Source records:
○ ○ ○ ○

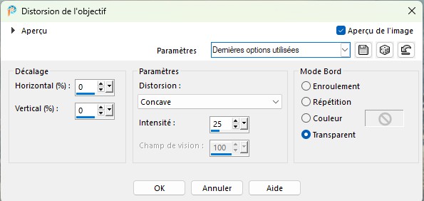 Effet de distorsion - Distorsion de l'objectif 0/0/25/concave/transparent
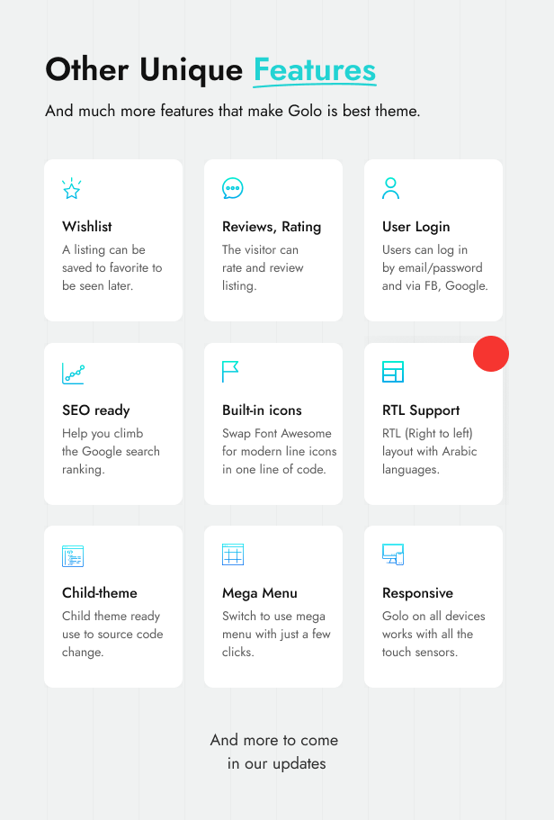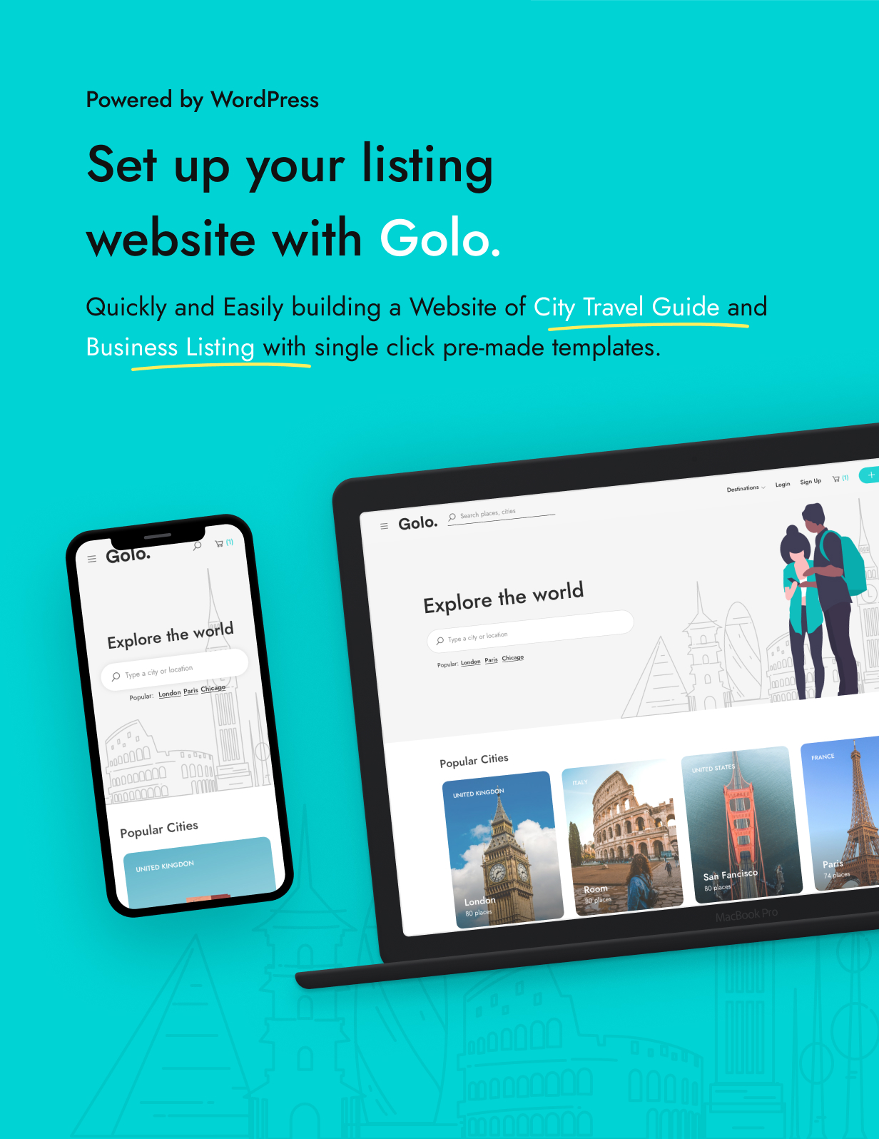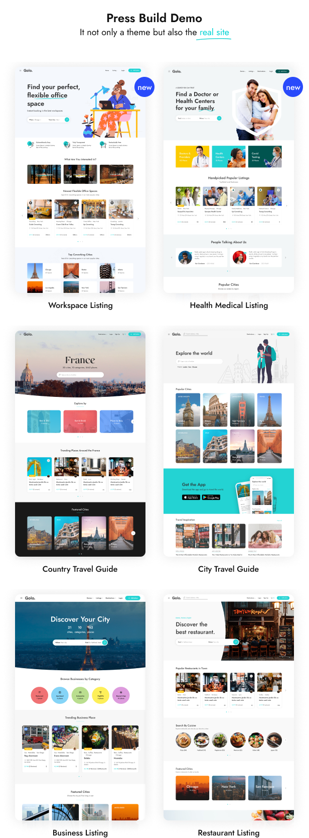 With clean UI/UX design and multiple ready-made demos, Golo helps you build websites like Yelp, Airbnb, CultureTrip, or Flydesk — without coding. Easily list restaurants, house rentals, coworking spaces, medical services, tourist attractions, and more.
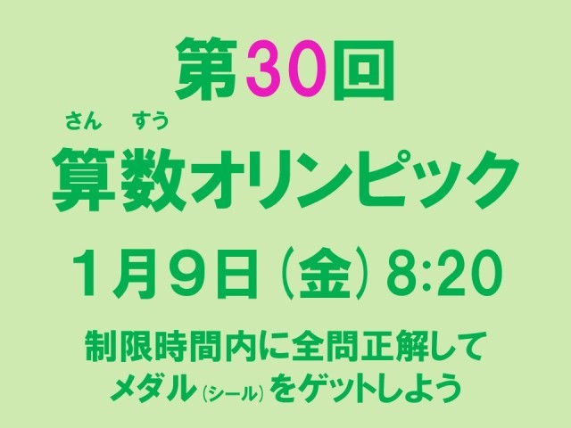 〔お知らせ〕 公開日 2026/01/08 更新日 2026/01/08 お知らせ 今学期も、もちろん継続します! 〔1年〕ひき算①② 〔2年以上〕ひき算② 「1問でも多く正解」「1秒でも速く」を目指して、がんばりましょう!
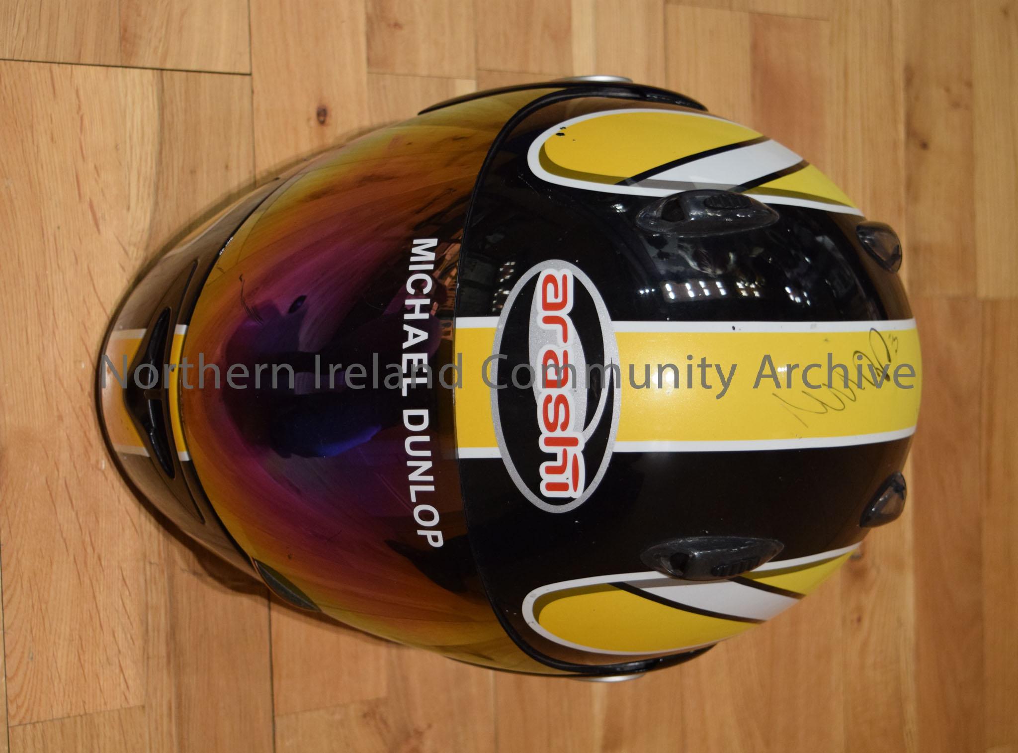 Arashi motorcycle helmet belonging to Michael Dunlop. Black, yellow and white striped helmet.
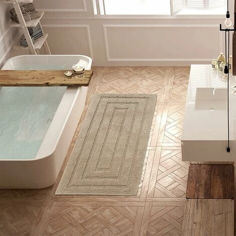 - Tappeto elegante in filato di puro cotone morbidissimo e assorbente, tecnica di tessitura Wilton jacquard
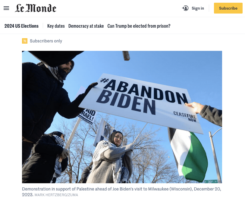 December 20, 2023, Milwaukee, Wisconsin, USA: Protesters on behalf of Palestine gather on a street in Milwaukee, Wisconsin across from where President Joe Biden will be speaking Wednesday December 20, 2023. (Credit Image: © Mark Hertzberg/ZUMA Press Wire)

○ ○ ○ ○

> Directions for this task: Pictures are to be left out; all other data must be returned exactly.

> Your solution:
 Effet de distorsion - Distorsion de l'objectif 0/0/25/concave/transparent
 With clean UI/UX design and multiple ready-made demos, Golo helps you build websites like Yelp, Airbnb, CultureTrip, or Flydesk — without coding. Easily list restaurants, house rentals, coworking spaces, medical services, tourist attractions, and more.
 〔お知らせ〕 公開日 2026/01/08 更新日 2026/01/08 お知らせ 今学期も、もちろん継続します! 〔1年〕ひき算①② 〔2年以上〕ひき算② 「1問でも多く正解」「1秒でも速く」を目指して、がんばりましょう!
 Arashi motorcycle helmet belonging to Michael Dunlop. Black, yellow and white striped helmet.
 - Tappeto elegante in filato di puro cotone morbidissimo e assorbente, tecnica di tessitura Wilton jacquard
 December 20, 2023, Milwaukee, Wisconsin, USA: Protesters on behalf of Palestine gather on a street in Milwaukee, Wisconsin across from where President Joe Biden will be speaking Wednesday December 20, 2023. (Credit Image: © Mark Hertzberg/ZUMA Press Wire)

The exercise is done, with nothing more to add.